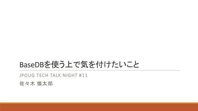BaseDBを使う上で気を付けたいこと JPOUG TECH TALK NIGHT #11 佐々木 慎太郎
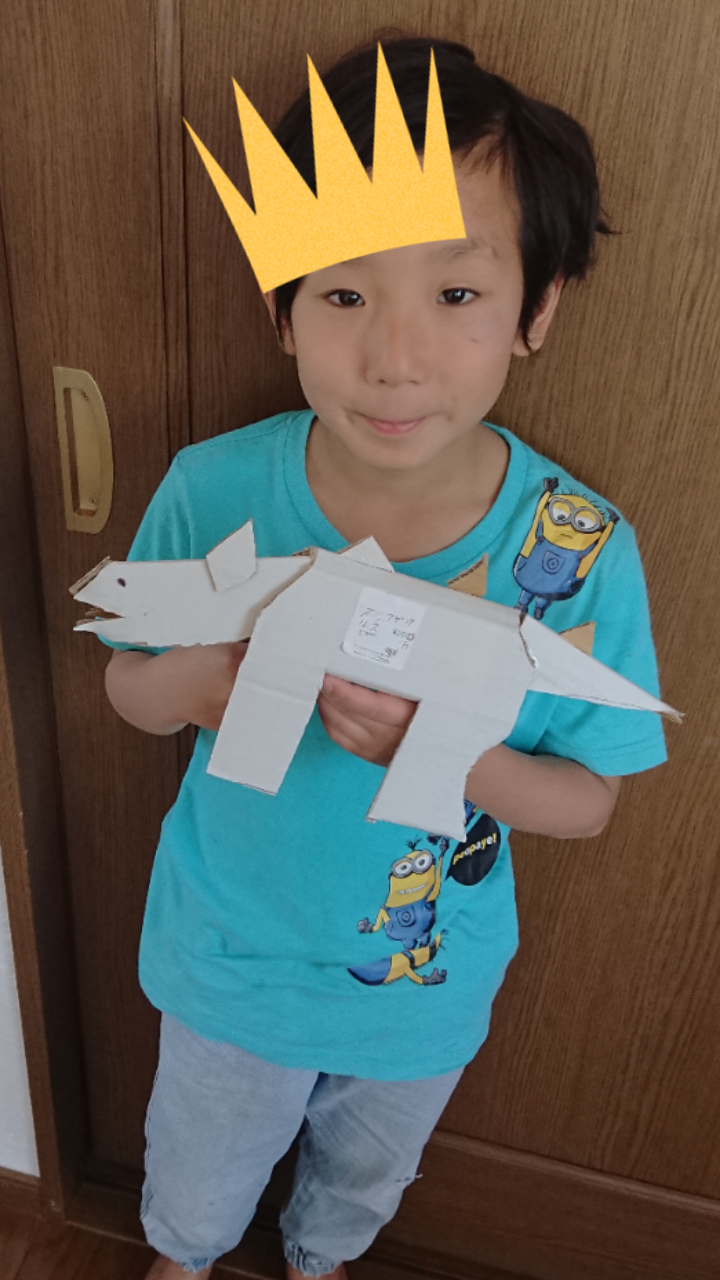恐竜を2匹も作ってくれたのですね!しかも白い段ボールはめずらしい〜レア恐竜だ!
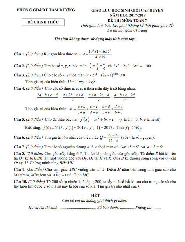 Sytu xin chào đến quý thầy cô và các em học sinh lớp 7. Dưới đây là đề giao lưu HSG môn Toán lớp 7 năm 2017-2018 của phòng GD&ĐT Tam Dương – Vĩnh Phúc. Đề thi bao gồm đáp án, lời giải và thang điểm.
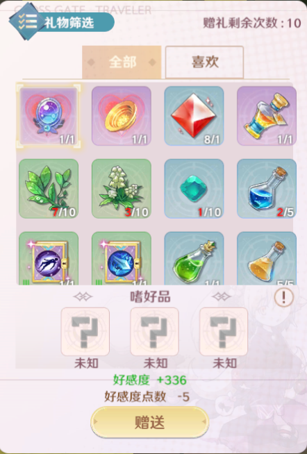在这个界面我们可以选择任意一个道具,进行赠送操作,当我们选择物品后,下方会显示赠送该物品可以获得好感度,如果我们曾经赠送过该NPC喜好的物品的话,则会在物品左上角显示一个爱心标识,同时也可以进入【喜欢】页卡中直接找寻同类物品进行赠送。
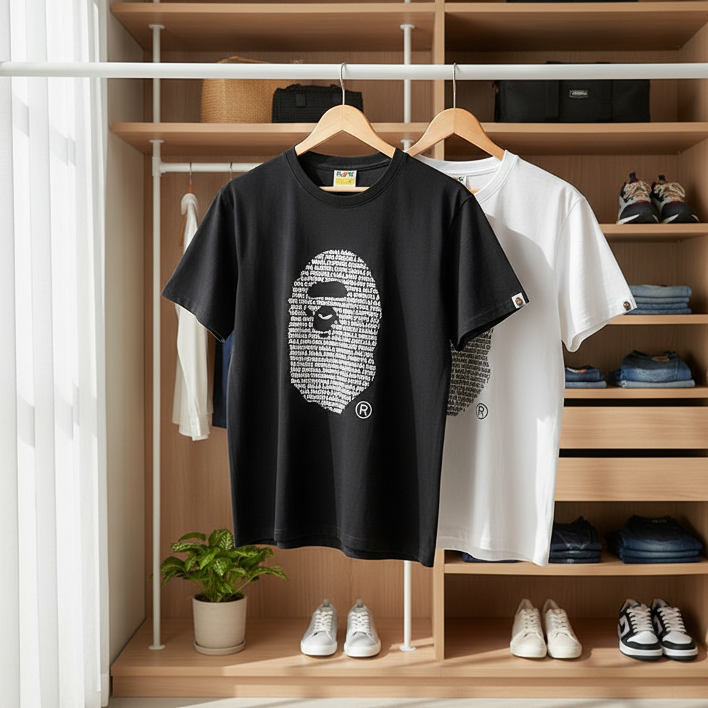 A Bathing Ape black short-sleeve T-shirt, made of premium soft breathable cotton, featuring the iconic letter-filled Ape Head print, streetwear style for men and women, trendy and versatile everyday wear.
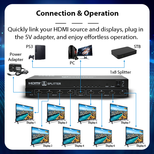Connection & Operation: Quickly link your HDMI source and displays, plug in the 5V adapter, and enjoy effortless operation.
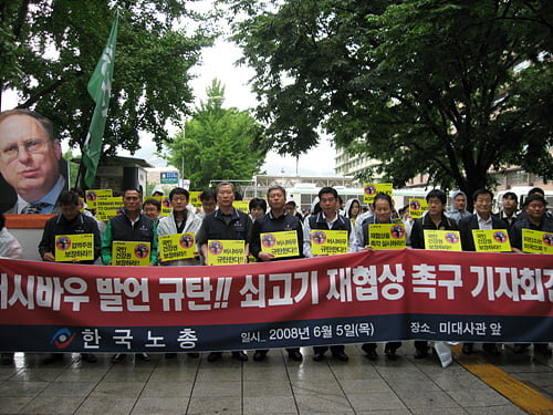 한국노총은 5일 오전 11시 서울 세종로 미 대사관 앞에서 기자회견을 연 뒤 '쇠고기 수입 재협상 수용'을 촉구하는 공개 서한을 대사관 측에 전달했다.
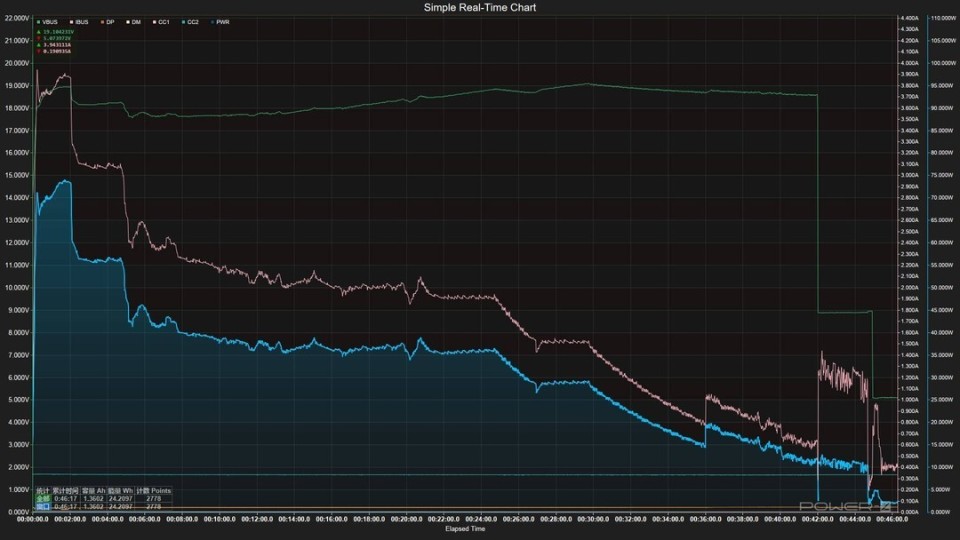 实测从1%开始充电,40分钟前台充满,56分钟完全充满,实测峰值功率约为74W左右,同时我们也测试了第三方充电器,峰值充电功率能够达到25W左右。
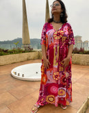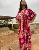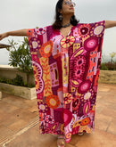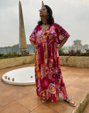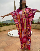 Our Caftans are very versatile in that you can wear them for lounge-wear, as a beach cover up, or you can even dress them up a bit with the proper shoes and jewelry to wear as a summer dress.
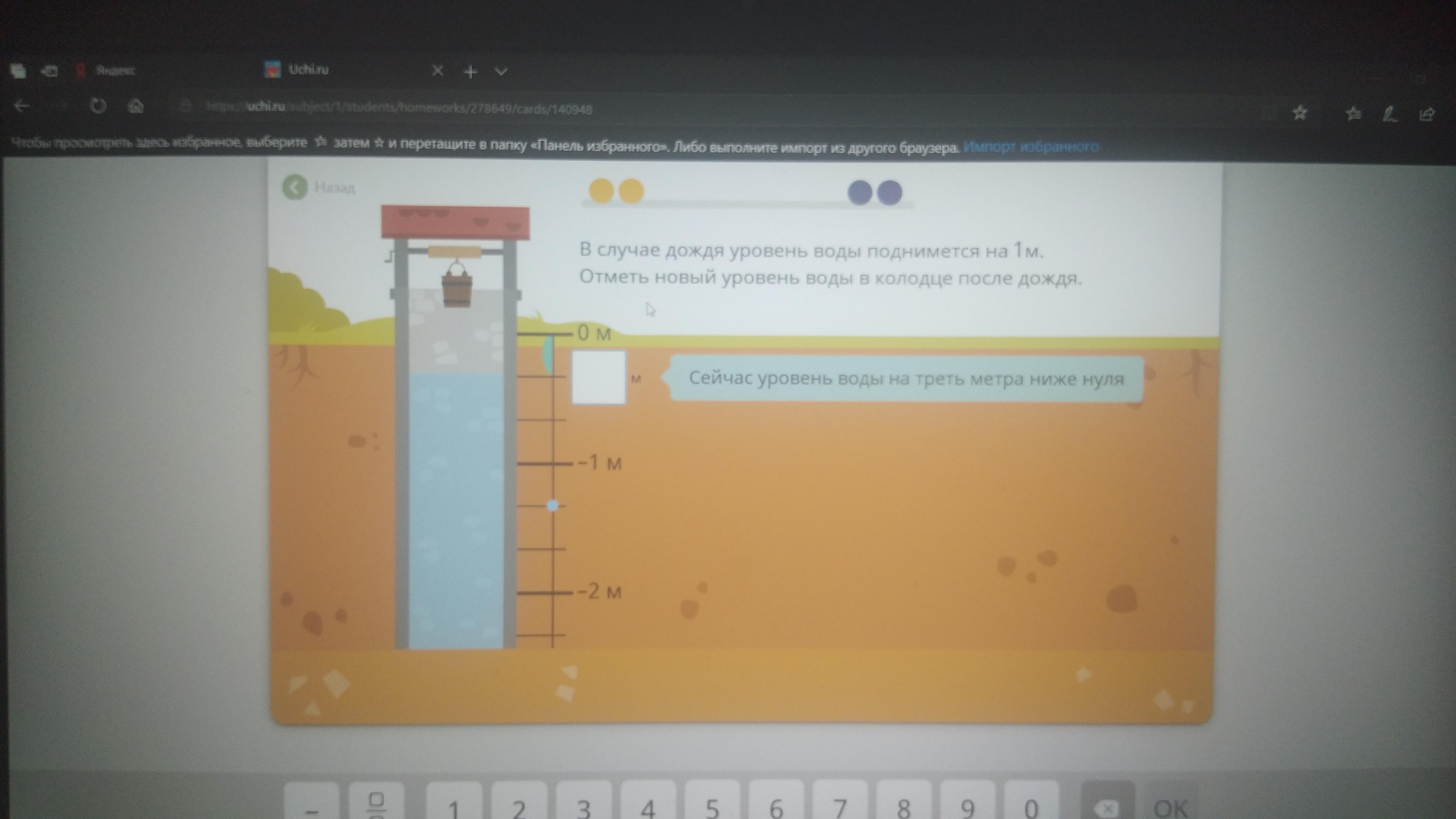 В случае дождя уровень воды поднимается на 1 м. Отметь новый уровень воды в колодце после дождя.
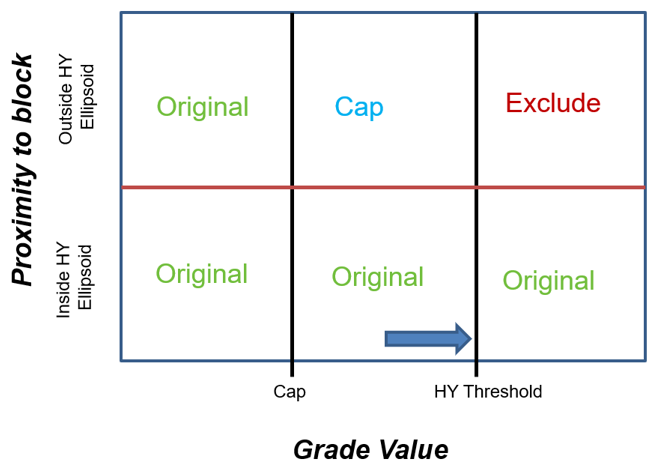 Important: Using this option will not place a grade cap on the high-yield samples. It will prevent them from being used in the estimation completely if a sample has a value for a given field higher than a specified threshold and when the sample is beyond an ellipsoidal region centred in the block being estimated.
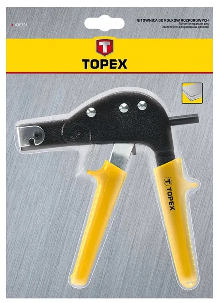 Nitownica TOPEX (nr ref. 43E791) do kołków rozporowych do płyt kartonowo gipsowych, do kołków o średnicach od 3 do 6 mm. Solidna stalowa rękojeść górna i korpus nitownicy. Marka TOPEX skierowana jest do majsterkowiczów.

■ TRY IT: Pictures are to be left out when the lines from the one containing "A Bathing Ape" through the end of the records above are repeated exactly; no other line is wanted.

■ RESPONSE TO THIS EXERCISE:
 A Bathing Ape black short-sleeve T-shirt, made of premium soft breathable cotton, featuring the iconic letter-filled Ape Head print, streetwear style for men and women, trendy and versatile everyday wear.
Connection & Operation: Quickly link your HDMI source and displays, plug in the 5V adapter, and enjoy effortless operation.
 한국노총은 5일 오전 11시 서울 세종로 미 대사관 앞에서 기자회견을 연 뒤 '쇠고기 수입 재협상 수용'을 촉구하는 공개 서한을 대사관 측에 전달했다.
 实测从1%开始充电,40分钟前台充满,56分钟完全充满,实测峰值功率约为74W左右,同时我们也测试了第三方充电器,峰值充电功率能够达到25W左右。
 Our Caftans are very versatile in that you can wear them for lounge-wear, as a beach cover up, or you can even dress them up a bit with the proper shoes and jewelry to wear as a summer dress.
 В случае дождя уровень воды поднимается на 1 м. Отметь новый уровень воды в колодце после дождя.
 Important: Using this option will not place a grade cap on the high-yield samples. It will prevent them from being used in the estimation completely if a sample has a value for a given field higher than a specified threshold and when the sample is beyond an ellipsoidal region centred in the block being estimated.
 Nitownica TOPEX (nr ref. 43E791) do kołków rozporowych do płyt kartonowo gipsowych, do kołków o średnicach od 3 do 6 mm. Solidna stalowa rękojeść górna i korpus nitownicy. Marka TOPEX skierowana jest do majsterkowiczów.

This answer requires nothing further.